- [WORK TO BE COMPLETED] Produce a faithful copy of the data, one that leaves out the pictures.

##### AVAILABLE DATA

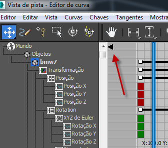 Disponível na janela Key do Track View (nos modos de diálogo Curve Editor e Dope Sheet) é um controle para alternar a janela Controller. O controle adota a forma de um triângulo preto que aponta para a esquerda quando a janela Controller está visível e à direita quando ela está oculta, como mostrado na ilustração anterior. Para alternar a janela Controller, clique no triângulo. Ao utilizar este recurso para ocultar a janela Controller, você pode maximizar o espaço disponível para a edição de chaves.
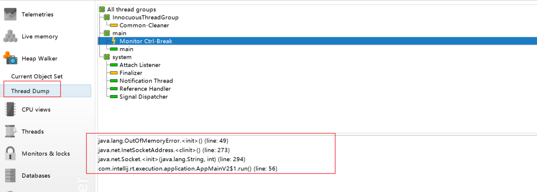 点击Thread Dump,里面是所有的线程,点击对应的线程可以看到相应的错误,反馈到具体的行,便于排错
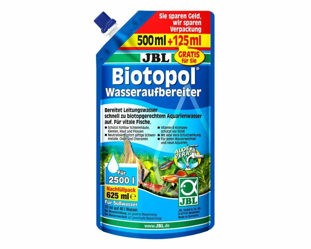 - 500 ml + 125 ml free addition – you save money – JBL saves packaging. Active environmental protection in aquaristics.
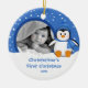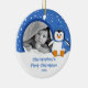 Os enfeites de natal bonitos da foto que caracterizam um pinguim adorável ajustado em um fundo azul do floco de neve, apenas adicionam SUA FOTO! Aperfeiçoe para o primeiro Natal & o segundo Natal. Um presente do Natal da maravilha sure a ser estimado por muitos próximos anos.

##########

- [OUTPUT OF THE EXERCISE]
 Disponível na janela Key do Track View (nos modos de diálogo Curve Editor e Dope Sheet) é um controle para alternar a janela Controller. O controle adota a forma de um triângulo preto que aponta para a esquerda quando a janela Controller está visível e à direita quando ela está oculta, como mostrado na ilustração anterior. Para alternar a janela Controller, clique no triângulo. Ao utilizar este recurso para ocultar a janela Controller, você pode maximizar o espaço disponível para a edição de chaves.
 点击Thread Dump,里面是所有的线程,点击对应的线程可以看到相应的错误,反馈到具体的行,便于排错
 - 500 ml + 125 ml free addition – you save money – JBL saves packaging. Active environmental protection in aquaristics.
 Os enfeites de natal bonitos da foto que caracterizam um pinguim adorável ajustado em um fundo azul do floco de neve, apenas adicionam SUA FOTO! Aperfeiçoe para o primeiro Natal & o segundo Natal. Um presente do Natal da maravilha sure a ser estimado por muitos próximos anos.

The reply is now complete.